Malaysia Tax System

Income tax in Malaysia is levied on income earned in Malaysia, excluding income classified as international income such as air/sea/transport-related industries, banking/insurance industries, etc.

corporate tax

As a feature of Malaysian corporate tax, if the management and control of a corporation is exercised in Malaysia, the corporation is considered a Malaysian taxpayer. Management and control are usually considered to have been exercised at the location of the board of directors.

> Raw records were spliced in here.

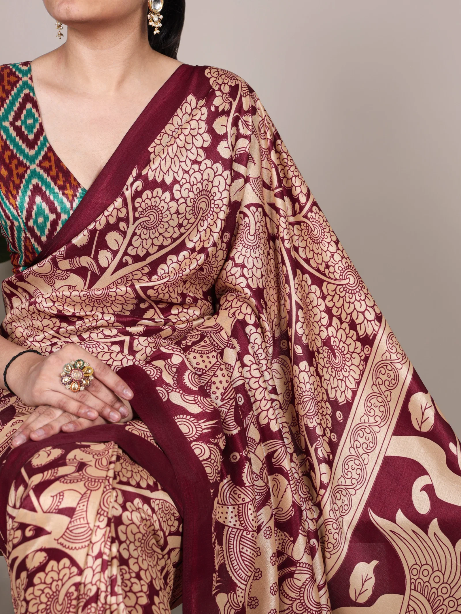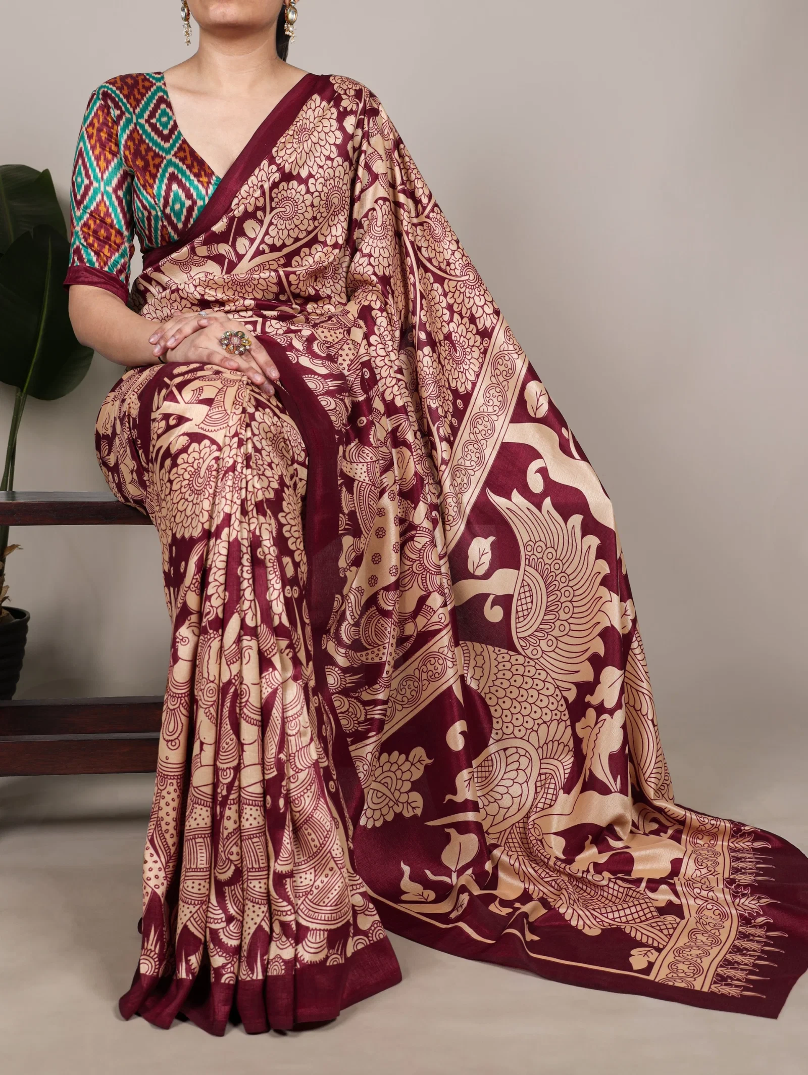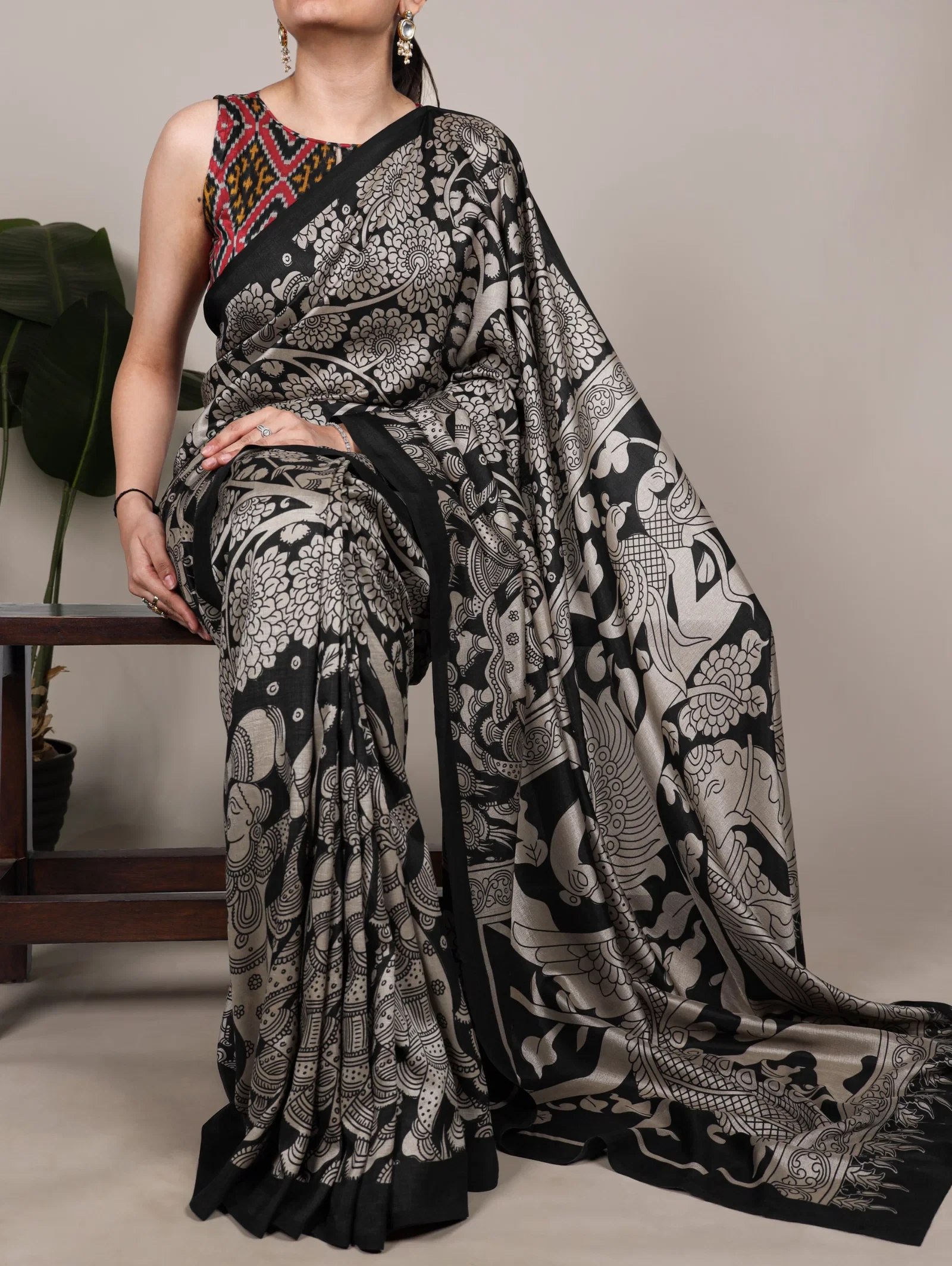 | Saree | Tasar Silk with Kalamkari Print |
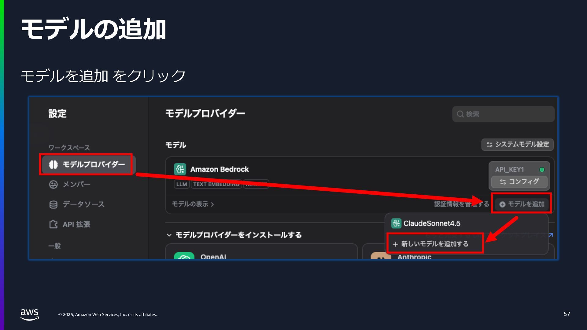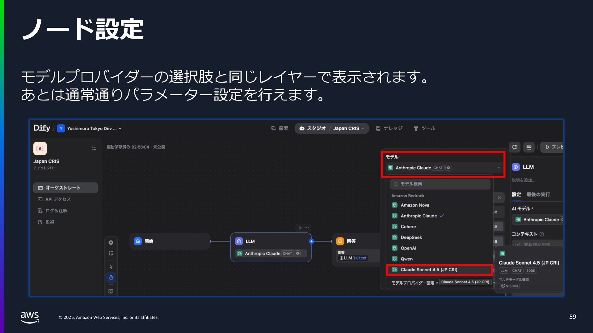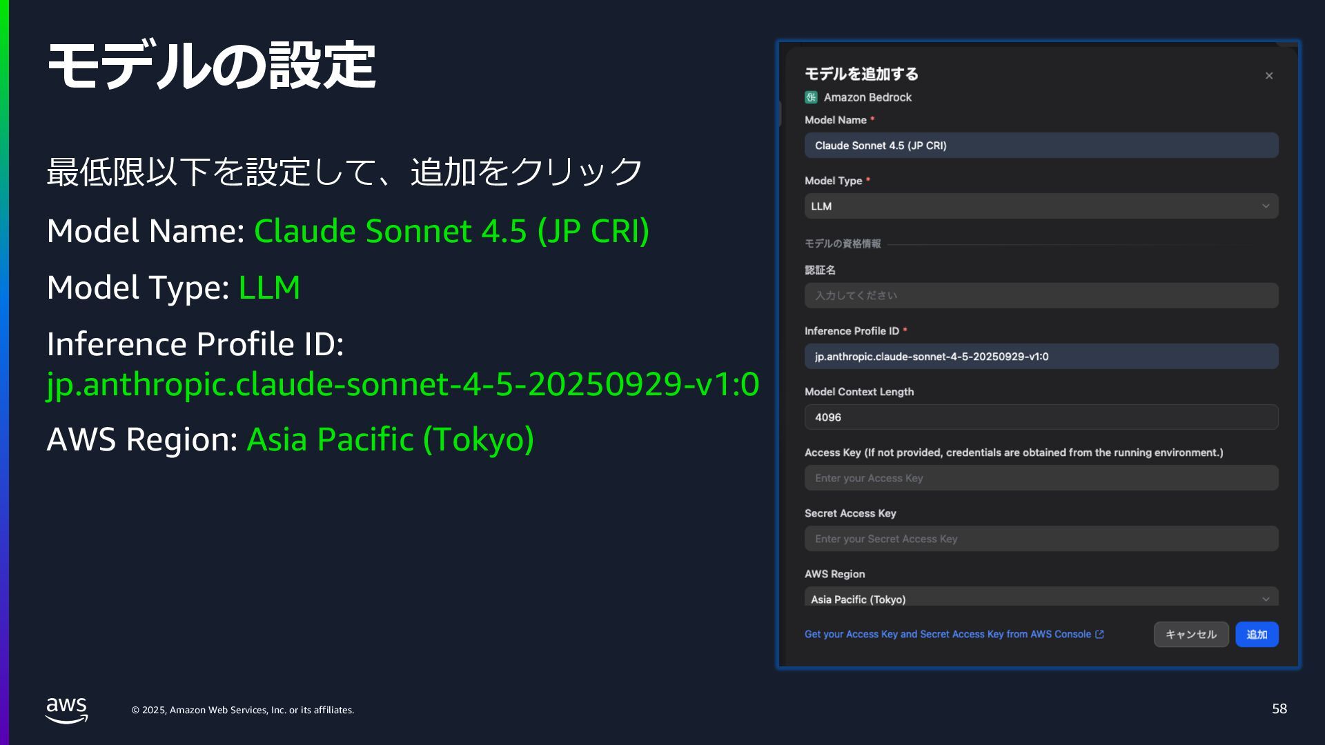 最低限以下を設定して、追加をクリック Model Name: Claude Sonnet 4.5 (JP CRI) Model Type: LLM Inference Profile ID: jp.anthropic.claude-sonnet-4-5-20250929-v1:0 AWS Region: Asia Pacific (Tokyo) 58
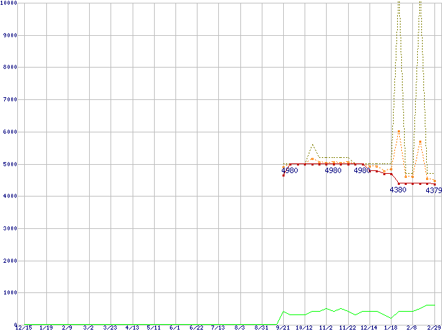 | Sempron LE-1150 (2.0GHz,L2 256KB)の価格推移 | | | (2006年12月15日~2008年2月29日) |
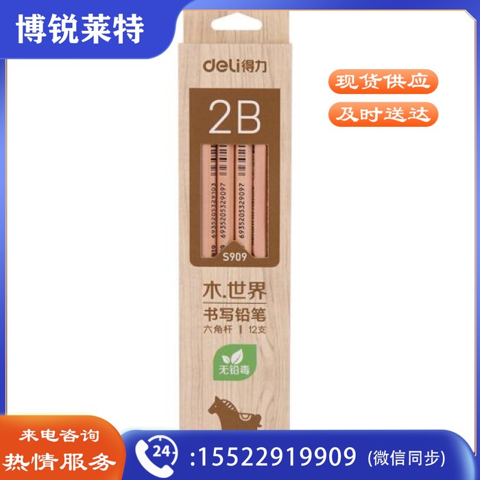 得力 S909 2B书写铅笔(原木色)(12支/盒)
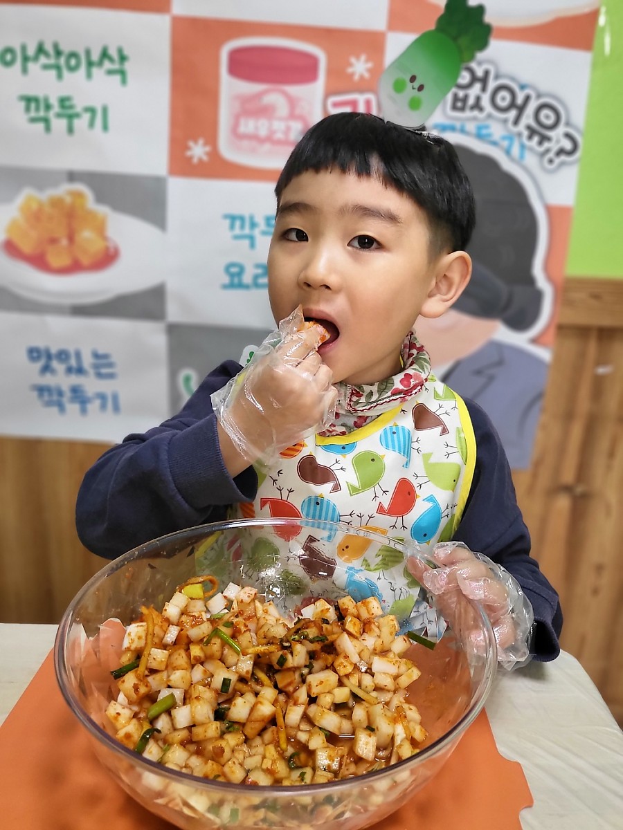 깍두기 담그기 체험 페이지 정보 작성자 하나어린이집 작성일25-12-02 14:00 조회6회 댓글0건 본문 오늘은 아이들과 함께 수확한 무로 맛있는 깍두기 담그기 활동을 했습니다. 우리 전통 음식의 맛과 문화를 자연스럽게 배우고 건강한 먹거리에 대한 관심을 가질 수 있는 소중한 시간이었습니다. 댓글목록 등록된 댓글이 없습니다. 목록
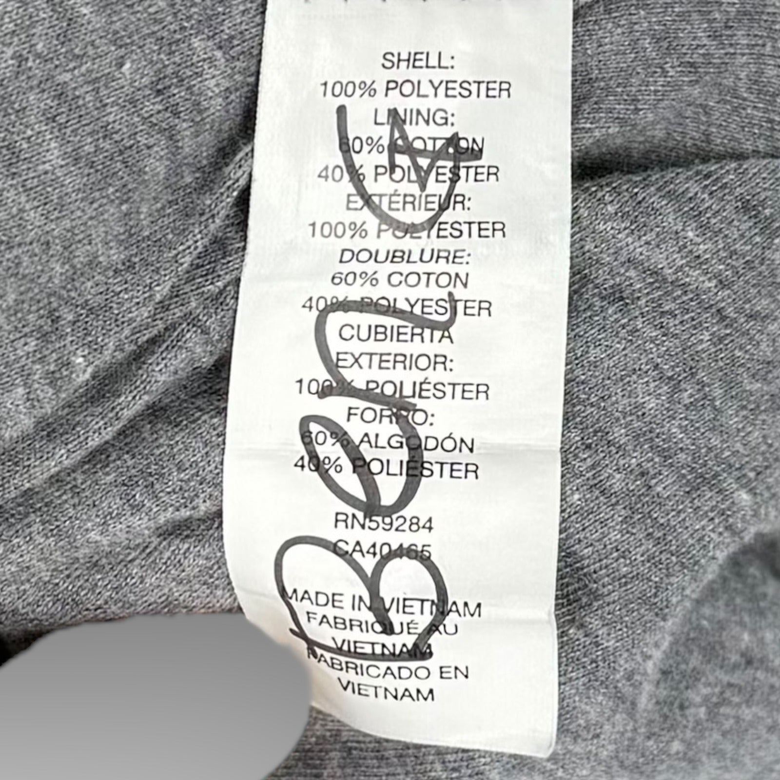 Gray athletic track pants featuring a straight-leg silhouette with an elastic waistband and interior drawstring. Reflective stripe logo detail at the hip and along the side seams
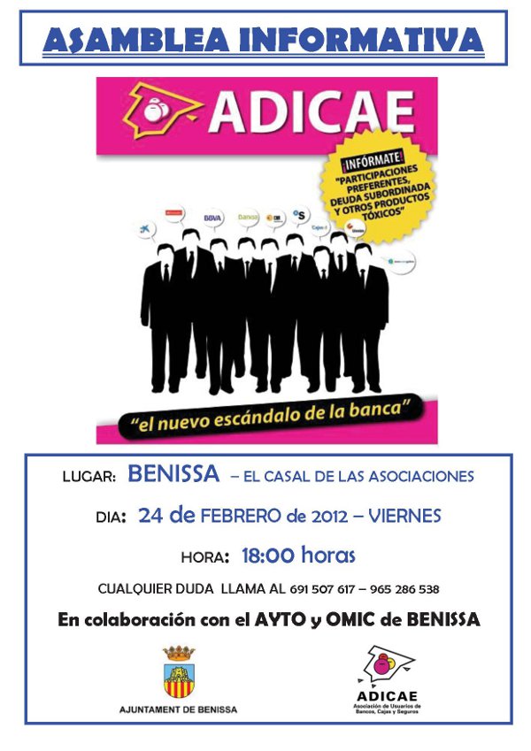 Des de la Regidoria de Consum de l’Ajuntament de Benissa mitjançant l’OMIC, s’ha organitzat en col·laboració amb ADICAE (Associació d’Usuaris de Bancs, Caixes d’Estalvis i Assegurances), una xerrada informativa per als interessats en temes relacionats amb productes financers.
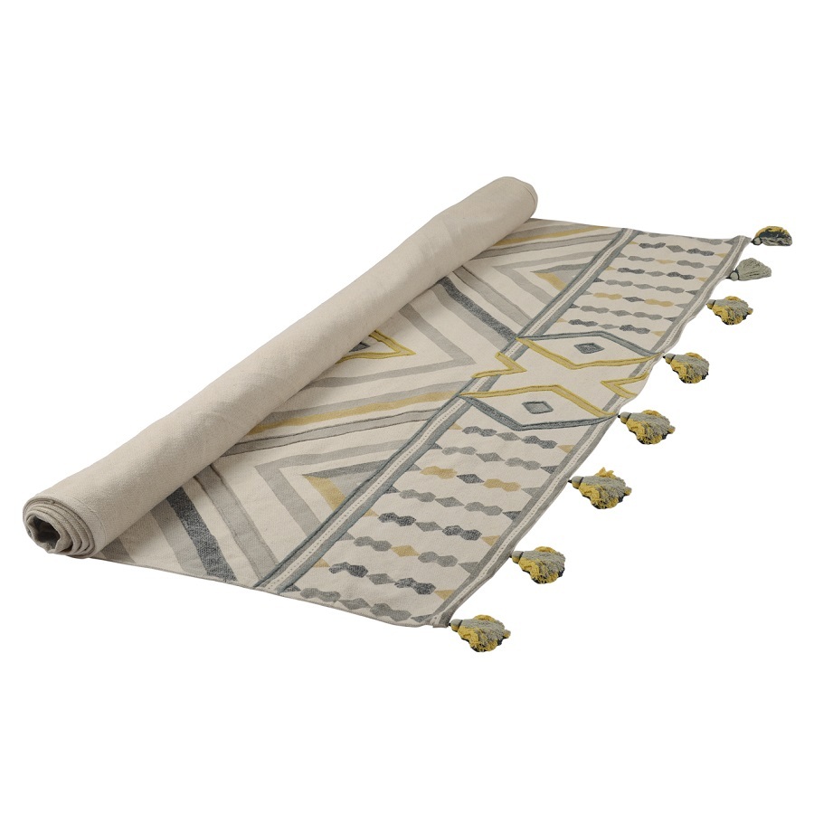 Ковер из хлопка с контрастным узором и кисточками из коллекции Ethnic органично впишется в любой интерьер: от минимализма и фьюжн, до скандинавского и бохо. Изделие с этническими мотивами выполнено из высококачественного и прочного хлопка. Станет ярким акцентом в детской и любой другой комнате. Ковер с объемными кисточками представлен в нескольких размерах. Плотность - 900 г/м2.
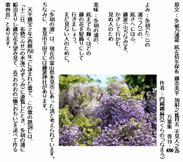 巻19-4200: 多胡の浦の底さへにほふ藤波をかざして行かむ見ぬ人のため
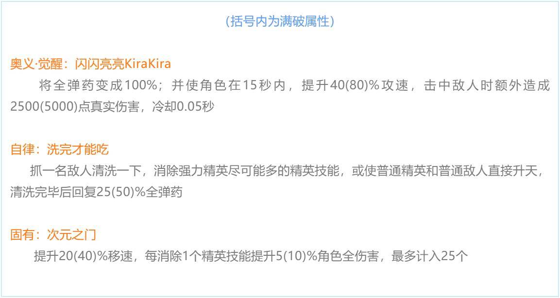 将全弹药变成100%;并使角色在15秒内,提升40(80)%攻速,击中敌人时额外造成2500(5000)点真实伤害,冷却0.05秒

Normally, corporations are subject to a corporate tax rate of 24%, but corporations with capital less than RM2.5 million are subject to the following tax rates:

  • Initial revenue of RM500,000 (from YA 2020 RM600,000 applied) is applied at 17%
  • RM500,000 excess revenue (RM600,000 applied from YA 2020) is applied by 24%

Withholding tax is a tax system levied on non-residents in Malaysia on profits subject to Malaysian tax laws. Malaysian taxpayers must deduct withholding tax from the total amount payable to non-residents, and report and pay the IRS within one month from the date of payment after payment.

Subject to withholding tax: Loyalty-10% Rent of movable property – 10% Technology and management service costs-10%* Interest-15%* Dividend-Waiver Other income-10% (*Interest paid to non-residents by banks in Malaysia)

Personal income tax

Due to the personal income tax feature, not all foreigners residing in Malaysia are required to file personal income tax. Foreigners with less than 60 working days per year, such as sailors on Malaysian ships, and Malaysian pensioners over 55 years of age are not subject to reporting. Non-resident tax rates apply to foreigners with more than 60 working days and less than 182 working days per year.

Regardless of the actual payment, income from Malaysian sources is taxable. However, individuals who are obligated to pay tax in countries that have a double taxation prevention agreement with Malaysia are exempt from personal income tax. In addition, income generated from certain industries such as aviation/sea/transport and banking is subject to international taxes.

Income deduction

The Malaysian government provides various income deductions and tax benefits to foreign taxpayers as follows. Income deduction for spouses without income Parental Income Deduction Income deduction for children under the age of 18 Income deduction for children receiving tertiary education Malaysian Taxpayer Satisfaction Requirements Live in Malaysia for at least 182 days in one year

Special provisions for calculating the period of residence

If you have stayed for less than 182 days in one year, but have lived consecutively in the previous and subsequent years and stayed for a total of 182 days or more. If a person is temporarily absent due to the following reasons but continues to stay before or after the absence, the period of absence is also considered Business trip sick leave Less than 14 days of travel If you have stayed for 90 days or more for one year and lived for at least 90 days in 3 of the past 4 years or have been a resident If you are a resident in the immediately following year and a resident in the previous 3 years

Personal income tax rate

Resident income tax is applied at a progressive tax rate of 0% to 28% for personal income tax, and some income is deductible. Initial income of RM5,000 is tax-free. (Tax-free 5000)

Non-resident income tax applies to non-resident individuals at a flat rate of 28% (30% from YA 2020) or a progressive rate, whichever is greater. Director’s remuneration, consulting expenses, and other revenues are also subject to a 28% (30% applied from YA 2020) fixed tax rate (30% applied from YA 2020). Income deductions do not apply to non-resident individuals.

Payroll settlement at the end of work

In case of termination/resignation of labor contract or leaving Malaysia for more than 3 months, tax settlement is required. After receiving the tax certificate issued by the Internal Revenue Service stating that there is no unpaid amount, the employee can pay the salary to the employee.

Capital gains tax and stamp duty

Property Transfer Income Tax (RPGT) may apply when purchasing property in Malaysia as a feature of property transfer income tax. Real estate capital gains tax is levied on profits from the sale of real estate, and the rate varies depending on the length of time the real estate is owned. When purchasing real estate in Malaysia, stamp duty for legal effect may be incurred depending on the contract of sale (SPA) and loan agreement.